Herrera María G, Ciccone Lidia, Moleiro Lara H, Tonali Nicolo, Dodero Verónica Isabel
Laboratorio de Genómica e Ingeniería de Sistemas Biológicos, Instituto de Biociencias, Biotecnología y Biología Traslacional (iB3), Departamento de Fisiología y Biología Molecular y Celular, Facultad de Ciencias Exactas y Naturales, Universidad de Buenos Aires, Intendente Güiraldes 2160, Ciudad Autónoma de Buenos Aires C1428EGA, Argentina.
Department Molecular Cell Biology, Institute of Biochemistry and Pathobiochemistry, Ruhr University Bochum, Bochum 44801, Germany.
ACS Nano. 2025 Sep 2;19(34):30688-30719. doi: 10.1021/acsnano.5c01662. Epub 2025 Aug 8.
The self-assembly of endogenous and exogenous peptides into proteolysis-resistant oligomers can trigger toxic cellular events and diseases. In Alzheimer's disease (AD), the structural polymorphisms of endogenous amyloid-β (Aβ) 1-40 and 1-42 aggregates are essential for their neurotoxic effects. Recent findings on structural differences between brain-derived and fibrils underscore the need to improve the molecular and supramolecular models of diseases, for example, by stabilizing monomer conformations that lead to disease-relevant structures. In gluten-related disorders (GRDs), particularly celiac disease (CeD), research focuses on exogenous proteolytically resistant gliadin peptides (PRGPs) such as the 33-mer, p31-43, and pepsin-trypsin-derived gliadin peptides. Notably, these PRGPs form nanostructures, which may explain their behavior as nonreplicating pathogens. Thus, understanding their self-assembly has recently gained attention. This review invites both newcomers and experts in the field to tackle the challenges of characterizing peptide self-assembly process as first step to develop successful therapeutic interventions. For AD researchers, it highlights protocols for obtaining monomers and their supramolecular characterization to uncover mechanisms of brain-derived fibril formation, while also showcasing opportunities to explore PRGP nanostructures. For GRD researchers, it offers protocols to obtain PRGP nanostructures and their thorough characterization prior to cellular studies, inspired by approaches in AD research. This review contributes to interdisciplinary efforts toward therapeutic strategies grounded in molecular and supramolecular data by outlining structural insights, characterization protocols, and existing knowledge gaps. Its final aim is to connect established and emerging research domains related to Aβ and gliadin peptides that may have potential applications in peptide self-assembly and the gut-brain axis research, respectively.

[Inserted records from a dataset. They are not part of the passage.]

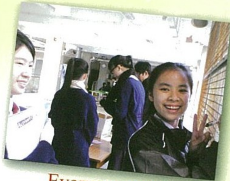
Everyone needs to be valued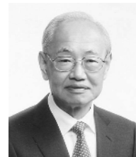
史都・元氣・多賀城 まぢ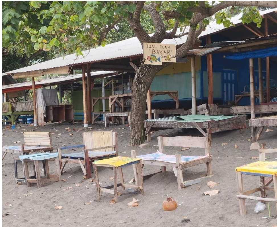
Gambar 4. Lapak penjual ikan bakar di tepi pantai (Lapak tutup karena sedang bulan Ramadhan)

Dari hasil observasi lapangan, terdapat sejumlah fasilitas yang telah tersedia dan berfungsi cukup baik dalam melayani kebutuhan wisatawan. Keberadaan warung makan lokal menjadi fasilitas utama yang menunjang komponen kuliner, di mana pengunjung dapat menikmati berbagai hidangan khas seperti ikan bakar, jagung bakar, dan Sate Bulayak. Selain itu, banyak dijumpai gazebo atau selasar milik warga yang tersebar di sepanjang kawasan pantai. Hal yang menarik, area parkir di Pantai Duduk tergolong sangat luas dan mampu menampung kendaraan roda dua maupun roda empat dalam jumlah besar, terutama saat musim liburan tiba, yang menjadi nilai tambah mengingat keterbatasan lahan parkir kerap menjadi keluhan utama di banyak destinasi wisata pantai lainnya. Untuk menunjang aktivitas rekreasi air, tersedia pula fasilitas sewa ban yang dapat digunakan pengunjung untuk bermain air atau sekadar mengapung menikmati deburan ombak.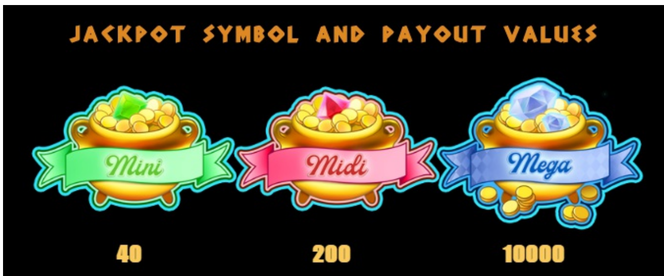
Paytable page 1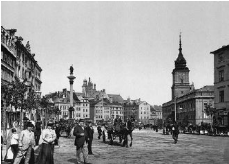
Рис. 3. Варшавская площадь, в глубине – один из иешиботов

С горечью вспоминает Мессинг свое более чем двухлетнее пребывание в иешиботе. Бесконечное заучивание все новых и новых молитв, скудное питание и короткий сон, явно недостаточные для растущего организма. Но, помня о наказе «посланца», он учился и благодаря острому уму и отличной памяти делал большие успехи. Не иначе как в скором времени пришлось бы ему надеть рясу раввина на радость родителям, если бы однажды.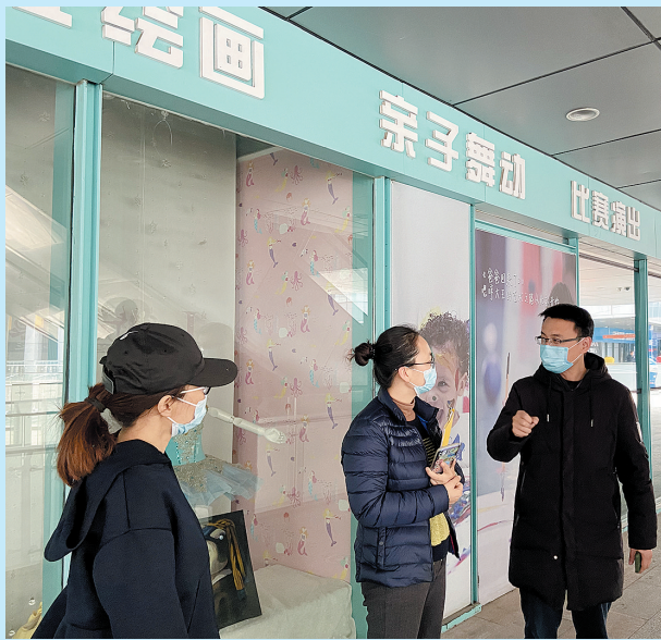
■市教育局:开展校外培训机构专项检查。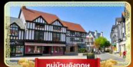
หมู่บ้านอังกฤษ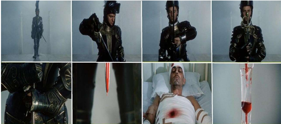
Fig. 4: sequência de planos do filme Non ou a vã glória de mandar, de Manoel de Oliveira – 1h47'02”

O plano narrativo que acontece em África, baseia-se quase que totalmente na força da palavra, uma vez que as ações se limitam à movimentação dos soldados no jipe e às histórias recontadas pelo alferes. O único momento em que o grupo realmente se envolve em uma ação é quando a tropa é convocada a uma missão no meio da selva e tem um embate com os inimigos. No embate derradeiro, o alferes é atingido pelas armas inimigas, o que resultará em sua morte. Na sequência final, vê-se o grupo terrivelmente ferido em uma ala hospitalar a observar as últimas horas do alferes, agonizando em seu leito durante muito tempo, até que finalmente morre.

内源性和外源性肽自组装成抗蛋白水解的寡聚体可引发毒性细胞事件和疾病。在阿尔茨海默病(AD)中,内源性淀粉样β蛋白(Aβ)1-40和1-42聚集体的结构多态性对其神经毒性作用至关重要。最近关于脑源性纤维与其他纤维结构差异的研究结果强调了改进疾病分子和超分子模型的必要性,例如,通过稳定导致疾病相关结构的单体构象。在麸质相关疾病(GRD)中,尤其是乳糜泻(CeD),研究重点是外源性抗蛋白水解麦醇溶蛋白肽(PRGP),如33聚体、p31-43和胃蛋白酶-胰蛋白酶衍生的麦醇溶蛋白肽。值得注意的是,这些PRGP形成纳米结构,这可能解释了它们作为非复制性病原体的行为。因此,了解它们的自组装最近受到了关注。本综述邀请该领域的新手和专家应对表征肽自组装过程的挑战,这是开发成功治疗干预措施的第一步。对于AD研究人员,它强调了获取单体及其超分子表征以揭示脑源性纤维形成机制的方案,同时还展示了探索PRGP纳米结构的机会。对于GRD研究人员,它提供了受AD研究方法启发,在细胞研究之前获取PRGP纳米结构及其全面表征的方案。本综述通过概述结构见解、表征方案和现有知识空白,为基于分子和超分子数据的治疗策略的跨学科努力做出了贡献。其最终目的是连接与Aβ和麦醇溶蛋白肽相关的已建立和新兴研究领域,它们可能分别在肽自组装和肠-脑轴研究中有潜在应用。